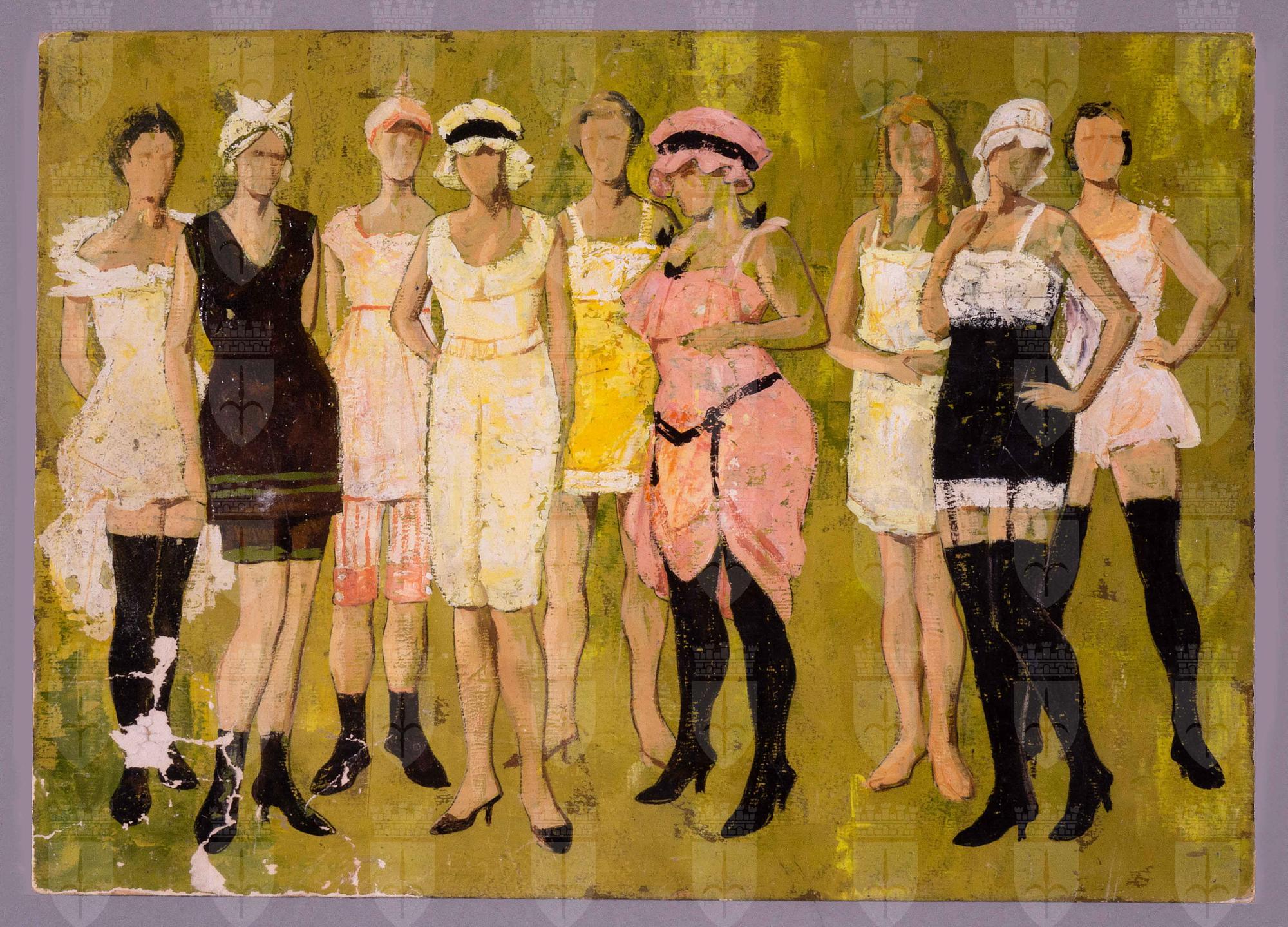 L'opera da tre soldi, di Bertolt Brecht e Kurt Weill, regia di Giorgio Strehler. Figurino di gruppo di nove figure femminili in biancheria intima di svariate fattezze, su toni del nero, bianco, rosa e giallo, sfondo verde oliva.
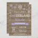 Rustic Winter Onederland Girl primeiro aniversario Invitation. Lavanda Lilac Roxo e Floco de Neve Branco. Primeiro Aniversário. Garota 1rua no Bairro Convidam. Fundo Rustic Wood. Para mais personalização, clique no botão "Personalizar" e use nossa ferramenta de design para modificar este modelo.
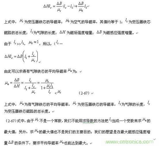 最大值的條件;當(dāng)然是氣隙長度越小,平均導(dǎo)磁率 就越大。但在實(shí)際工作中, 的值要小于此值,因?yàn)椋瑢庀堕L度要預(yù)留一定的余量,變壓器鐵芯的工作點(diǎn)不可能讓永遠(yuǎn)工作在最佳值的邊沿;因此,實(shí)際工作中的變壓器鐵芯,其最大磁感應(yīng)強(qiáng)度增量和最大磁場強(qiáng)度增量都會(huì)超出(2-68)式給出條件的范圍;所以,由(2-68)式求出的氣隙長度 也是最低極限值。
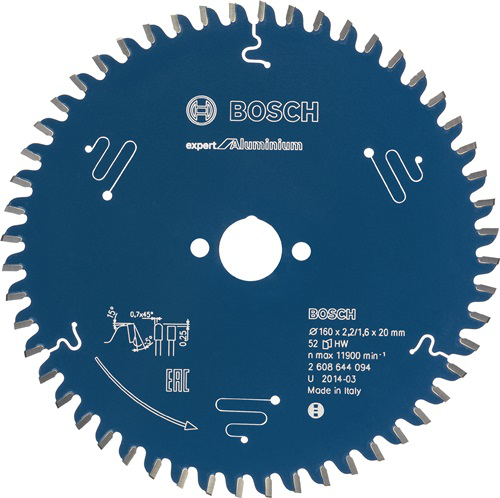 Kreissägeblatt Expert for Aluminium für Kapp- · Gehrungs- und Paneelsägen. Außendurchmesser: 315 mm · Bohrung: 30 mm · Schnittbreite: 2,8 mm · Stammblattstärke: 2,2 mm · Zähnezahl: 96. Für saubere Schnitte in Nichteisenmetalle wie Aluminium. Auch geeignet zum Schneiden von Kunststoffen und Epoxy · rohen Spanplatten · Akustikplatten · Leichtbauplatten · abrasive ein- oder zweiseitig beschichtete Plattenwerkstoffe sowie Faserwerkstoffe wie MDF- und OSB-Platten. Zähne aus Microteq für hohe Lebensdauer. Die Verwendung des Universalschneidöls 2 607 001 409 erhöht die Standzeit bei Schnitten in Metall · z. B. Aluminium · um ein Mehrfaches.
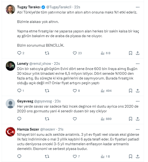 Devletimizin faiz dusunce konut fiyatlarında artış yapanlara yaptığı cezayi Altın fiyatlarini arttiran emlakci ve galericilere de yapmasını istiyorum!
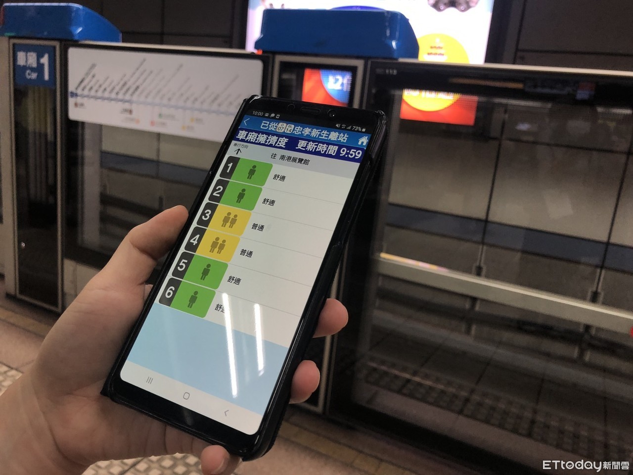 ▲北捷APP可查詢車廂擁擠度。(圖/記者楊亞璇攝)
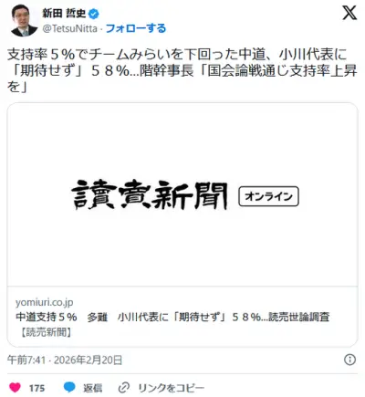 【中道】支持率5%、代表に「期待せず」58%(読売)…党関係者「『追及ばかりの野党』から殻を破れるかどうかが課題」
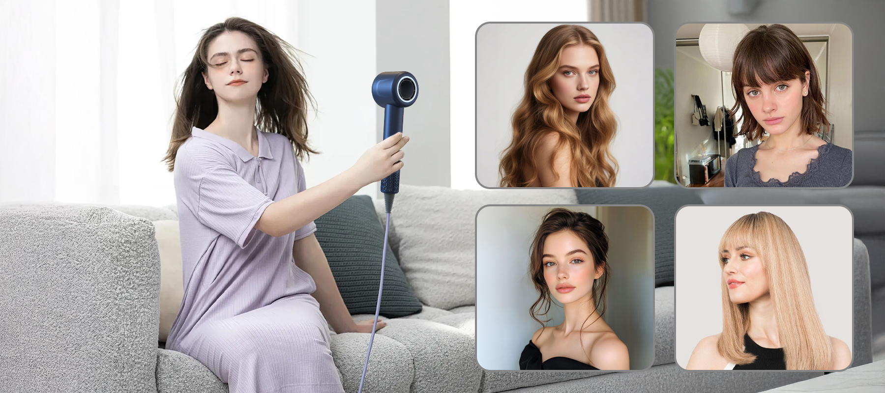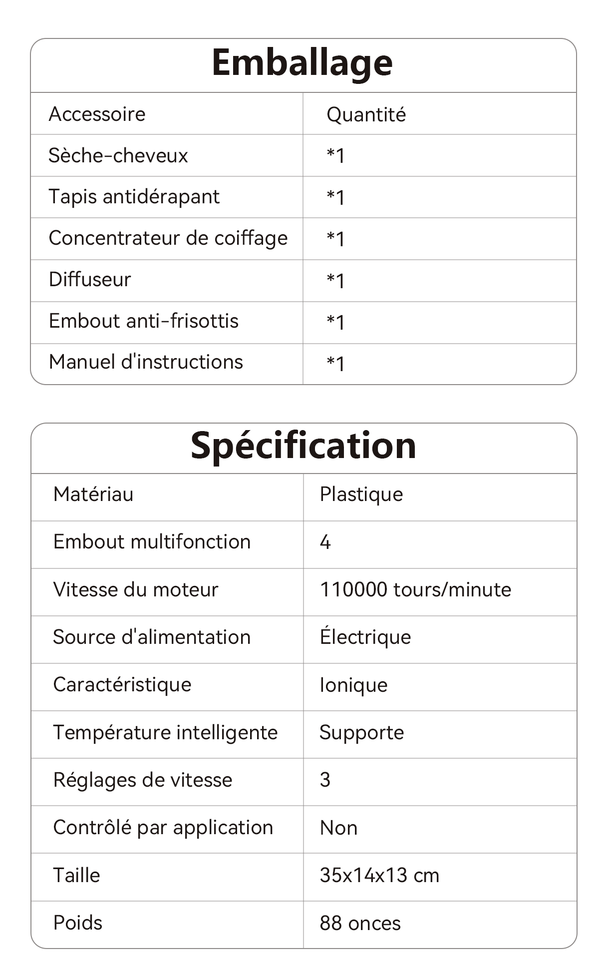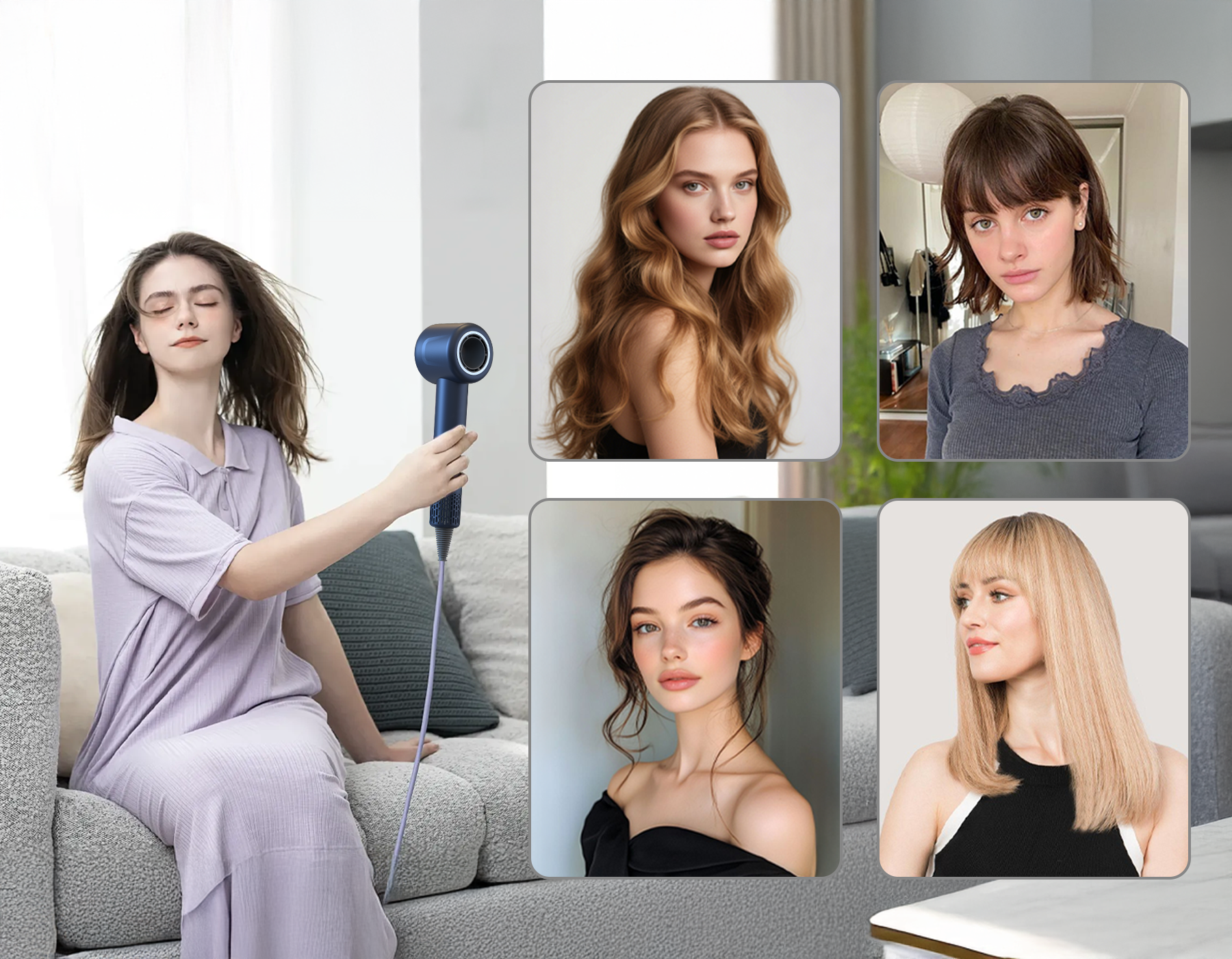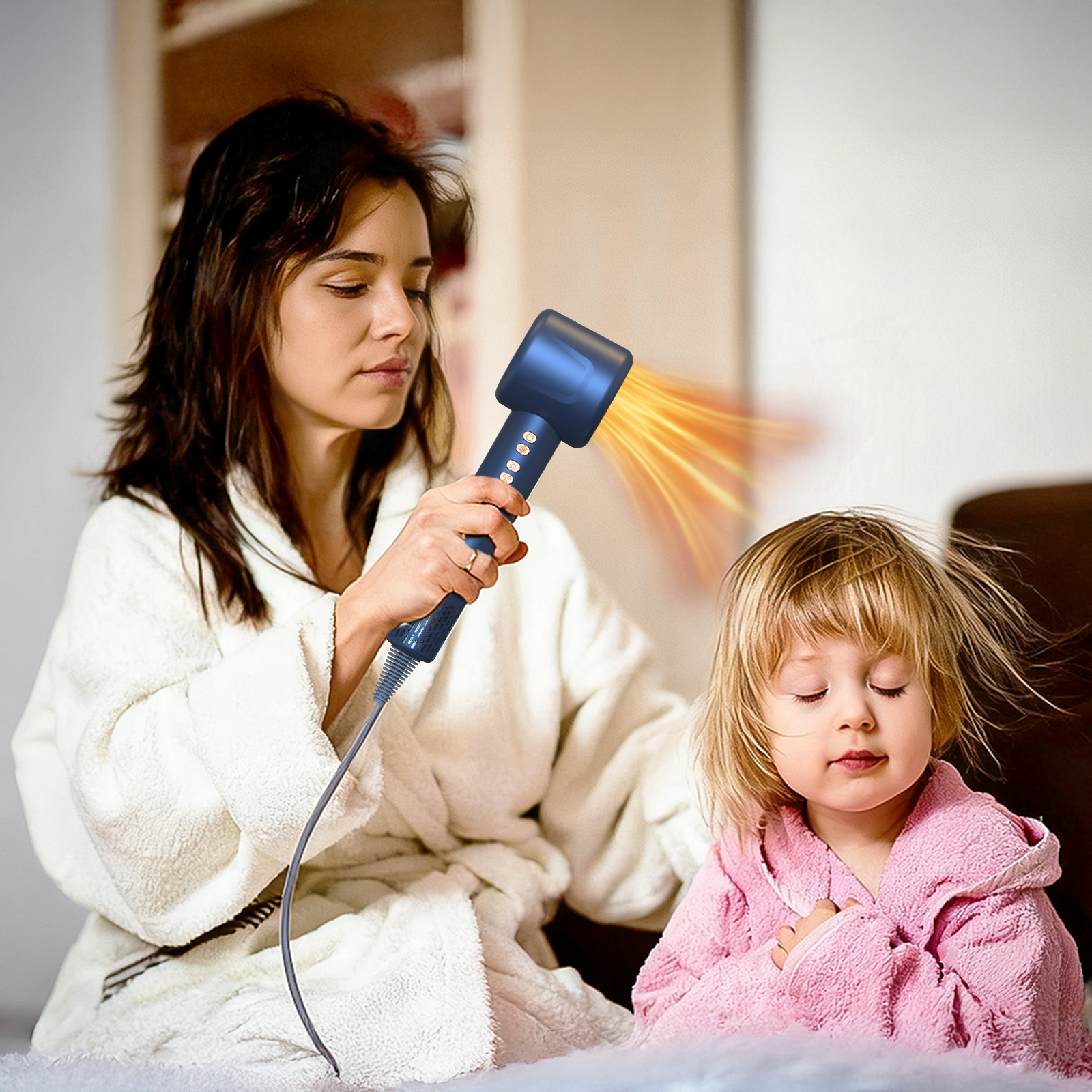 - Séchage Rapide en 4 Minutes – Le moteur haute vitesse offre un flux d'air puissant pour un séchage rapide sans dommage dû à la chaleur.

....

__What is needed__
The entries are to be copied exactly, and each image is to be omitted.

__Response area__
 L'opera da tre soldi, di Bertolt Brecht e Kurt Weill, regia di Giorgio Strehler. Figurino di gruppo di nove figure femminili in biancheria intima di svariate fattezze, su toni del nero, bianco, rosa e giallo, sfondo verde oliva.
 Rustic Winter Onederland Girl primeiro aniversario Invitation. Lavanda Lilac Roxo e Floco de Neve Branco. Primeiro Aniversário. Garota 1rua no Bairro Convidam. Fundo Rustic Wood. Para mais personalização, clique no botão "Personalizar" e use nossa ferramenta de design para modificar este modelo.
 最大值的條件;當(dāng)然是氣隙長度越小,平均導(dǎo)磁率 就越大。但在實(shí)際工作中, 的值要小于此值,因?yàn)椋瑢庀堕L度要預(yù)留一定的余量,變壓器鐵芯的工作點(diǎn)不可能讓永遠(yuǎn)工作在最佳值的邊沿;因此,實(shí)際工作中的變壓器鐵芯,其最大磁感應(yīng)強(qiáng)度增量和最大磁場強(qiáng)度增量都會(huì)超出(2-68)式給出條件的范圍;所以,由(2-68)式求出的氣隙長度 也是最低極限值。
 Kreissägeblatt Expert for Aluminium für Kapp- · Gehrungs- und Paneelsägen. Außendurchmesser: 315 mm · Bohrung: 30 mm · Schnittbreite: 2,8 mm · Stammblattstärke: 2,2 mm · Zähnezahl: 96. Für saubere Schnitte in Nichteisenmetalle wie Aluminium. Auch geeignet zum Schneiden von Kunststoffen und Epoxy · rohen Spanplatten · Akustikplatten · Leichtbauplatten · abrasive ein- oder zweiseitig beschichtete Plattenwerkstoffe sowie Faserwerkstoffe wie MDF- und OSB-Platten. Zähne aus Microteq für hohe Lebensdauer. Die Verwendung des Universalschneidöls 2 607 001 409 erhöht die Standzeit bei Schnitten in Metall · z. B. Aluminium · um ein Mehrfaches.
 Devletimizin faiz dusunce konut fiyatlarında artış yapanlara yaptığı cezayi Altın fiyatlarini arttiran emlakci ve galericilere de yapmasını istiyorum!
 ▲北捷APP可查詢車廂擁擠度。(圖/記者楊亞璇攝)
 【中道】支持率5%、代表に「期待せず」58%(読売)…党関係者「『追及ばかりの野党』から殻を破れるかどうかが課題」
 - Séchage Rapide en 4 Minutes – Le moteur haute vitesse offre un flux d'air puissant pour un séchage rapide sans dommage dû à la chaleur.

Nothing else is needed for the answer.